My first few paper summaries will be on industry papers. The first one will be on a product that I used at work, and a product behind a company worth ~$40B.
https://event.cwi.nl/lsde/papers/p215-dageville-snowflake.pdf
Bolded terms are terms I am unfamiliar with, and may review later on.
1 Introduction
Snowflake is a data warehouse. As discussed later, the user interface is SQL, used through a database driver or through the UI.
If the reader is unfamiliar with data warehousing, they may find the related work section relevant. Snowflake’s competition at the time included Redshift, BigQuery, and Hadoop.
The authors’ mention the following as key features:
- Pure SaaS experience.
- Relational: ANSI SQL and ACID
- Semi-structured
- Elastic
- Highly available
- Durable
- Cost-efficient
- Secure
2 Storage Versus Compute
The authors provide an argument for separation of storage and compute.
When you consider cloud vs on-premise pricing, this makes sense.
3 Architecture
Snowflake has 3 layers:
-
Data Storage: (S3 Object Storage)
- Tables are partitioned into S3 files.
- Data format: PAX, hybrid columnar.
- Header contains metadata, offsets.
- You partially read a file (just the metadata) and can “seek()” to avoid reading all the data in a file.
- Also used as a cache when local disk is full.
- Metadata is stored in a transactional KV store.
-
Virtual Warehouses
-
A VW is a cluster of EC2 instances.
-
Create/destroy warehouse does not affect the data.
-
Queries are run on a single warehouse.

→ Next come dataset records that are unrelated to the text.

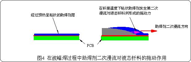 經(jīng)過(guò)預(yù)熱后的粘狀助焊劑與波峰釬料接觸后,活性劇增,粘度急劇下降而在被焊金屬表面形成第二次漫流,并迅速在被焊金屬表面鋪展開(kāi)來(lái)。助焊劑第二次漫流過(guò)程所形成的漫流作用力,附加在液態(tài)釬料上從拖動(dòng)了液態(tài)金屬的漫流過(guò)程,如圖4所示。
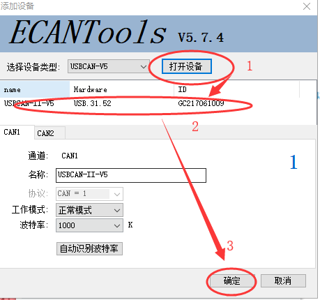 选择设备类型为“USBCAN-V5”然后打开设备选择Can1,点击确定
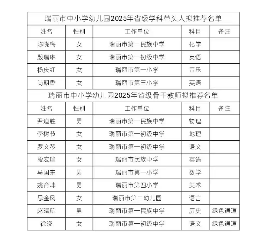 按照《云南省教育厅办公室关于做好2025年云南省基础教育省级系列骨干教师遴选推荐工作的通知》要求,经个人申报、学校推荐、县市初审等程序,拟推荐4人报选省级学科带头人,9人报选省级骨干教师(其中赵曙航、徐晓2人为绿色通道报送)。最终评选结果以上级遴选为准。现将拟推荐名单予以公示:
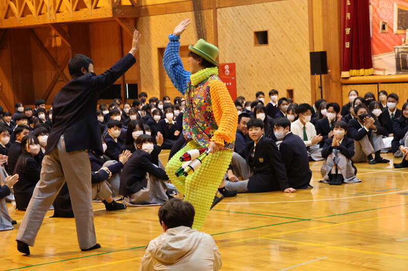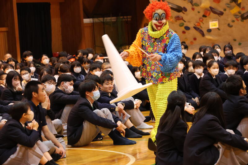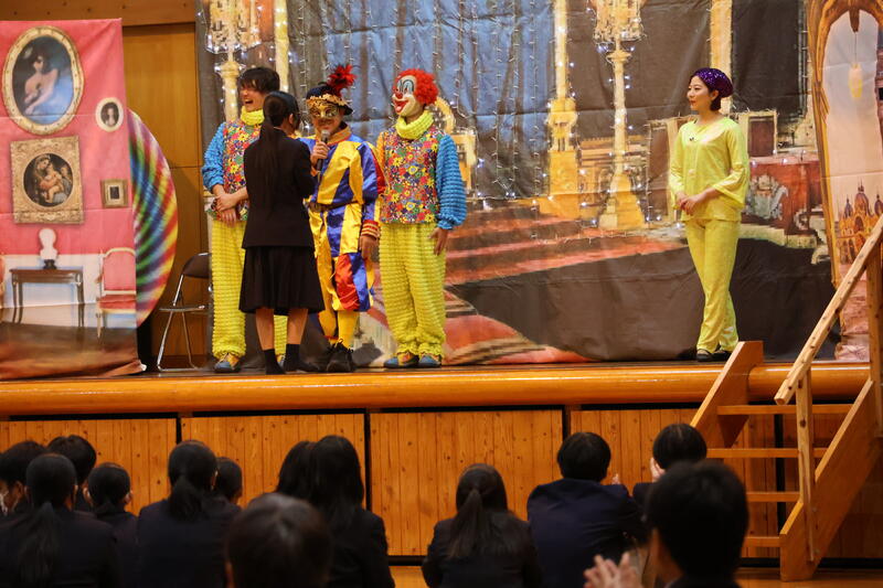 今年度は、日本芸術教育振興会の皆さんによる 「TOKYOスーパーイリュージョン」 を鑑賞しました。光と音を駆使した迫力あるステージは圧巻で、マジックやイリュージョンのほか、心理学ショー、ピエロのパフォーマンス、科学実験など多彩な内容が次々に展開されました。中でも、生徒がステージに招かれて出演者と一緒にパフォーマンスを体験する場面では、会場が一気に盛り上がり、驚きと歓声、そして笑顔があふれ、皆が芸術の楽しさを体感していました。

EC2 instances are not shared between warehouses.
-
Architecture immediately provides elasticity and performance isolation.
-
Local disk caching:
- Consistent hashing is used. Future queries that access a table file will use the same EC2 Instance.
-
Skew handling: A node that is faster than others can steal files from a peer. Nodes talk to one another.
-
Execution engine:
-
Columnar storage and execution
-
Vectorized, pipelined processing
-
Push-based: to improve cache efficiency
- Vs pull-based, Volcano.
-
No buffer pool (in-memory caching).
-
-
-
Cloud Services: A multi-tenant, set of HTTP services.
-
Access control, query optimizer, transaction manager, etc.
-
Replicated, scale-out.
-
Query optimizer:
- Cascades-style
- No indices
-
Concurrency Control
- ACID transations w/ snapshot isolation
- MVCC: natural due to immutable table files in S3.
-
Pruning
- Min-max based pruning, also known as small materialized aggregates [38], zone maps [29], and data skipping [40]

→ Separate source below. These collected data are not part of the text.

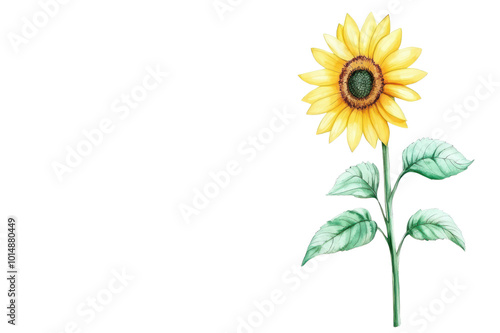 © Sweettymojidesign, Obraz premium A vibrant sunflower with green leaves, isolated on transparent background.
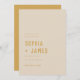 Modern Save the Date Card Template in golden beige and cream with strong clean typography and a boho arch on the back of the card. Customise this Wedding Save the Date Card to fit your needs, change text elements and colours if you like.
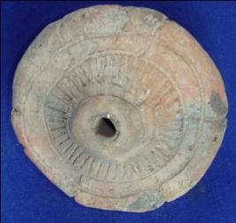 | Description / विवरण | Terracotta wheel with perforated hole and center portion is raised out wards and having incised line design on one surface. |
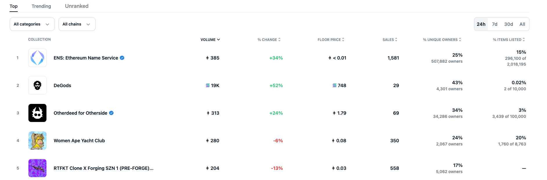 DeGods是近24小时OpenSea交易量第二大NFT项目
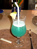 昼飯を食べようと入ったレストランで、念願の“青い飲み物”を注文しましたよ。とりあえず日本の皆に公言したのが「青い飲み物を、ビーチで飲んでくっから」ということで、ウェイターさんにメニューを見ながら“Which is blue one?”と言ったら、優しく“BLUE LAGOON”というカクテルを教えてくれました。目的の一つはこれで達成。それはともかくアルコールがキツくて、空きっ腹には効いた〜。しかも時間がなくて、そのまま昼飯は食いそびれる始末・・・。
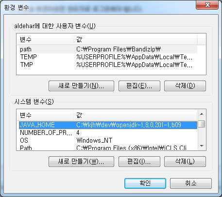 그러나, 저처럼 다른 사용자가 없는 경우나, 다른 사용자에게도 자바를 같이 사용하고 싶다 하는 경우, 시스템 변수에 등록합니다.

- Rely on pruning over metadata.
- Both static and dynamic pruning supported.
-
4 Features:
-
Web UI
-
JDBC/ODBC, etc.
-
No failure modes, tuning nobs, storage grooming tasks.
-
Fault tolerance:
- Metadata store is replicated across AZs.
- AZ failures are tolerated
-
Online upgrades:
- Users progressively switched to new version.
- Cache and metadata storage shared.
- Upgrades once per week.
-
Semi-structured data:
- Variant and array types.
- Allows snowflake to support ELT instead of ETL.
- Post-relational operations: extraction, flattening, and aggregation
- Schema inference. Store frequent columns separately as columns.
- Bloom filters.
- Optimizstic conversion, to improve query speed.
-
Time travel
- Retain old copies of files in S3
-
Security
- 2 factor authentication, encrypted data
- Key Hierarchy AWS Cloud HSM. 4 levels: root, account, table, file keys.
- Key rotation.
- Rekeying: re-encrypt old data with new keys.
5 Related work
- AWS Redshift/ParAccel
- BigQuery
- Microsoft SQL Data warehouse
6 Lessons Learned
- SQL on Hadoop. Snowflake replaces Hadoop.
- Performance not an issue to users.
- Issues: multitenancy, node failres, network failures. Security as an issue.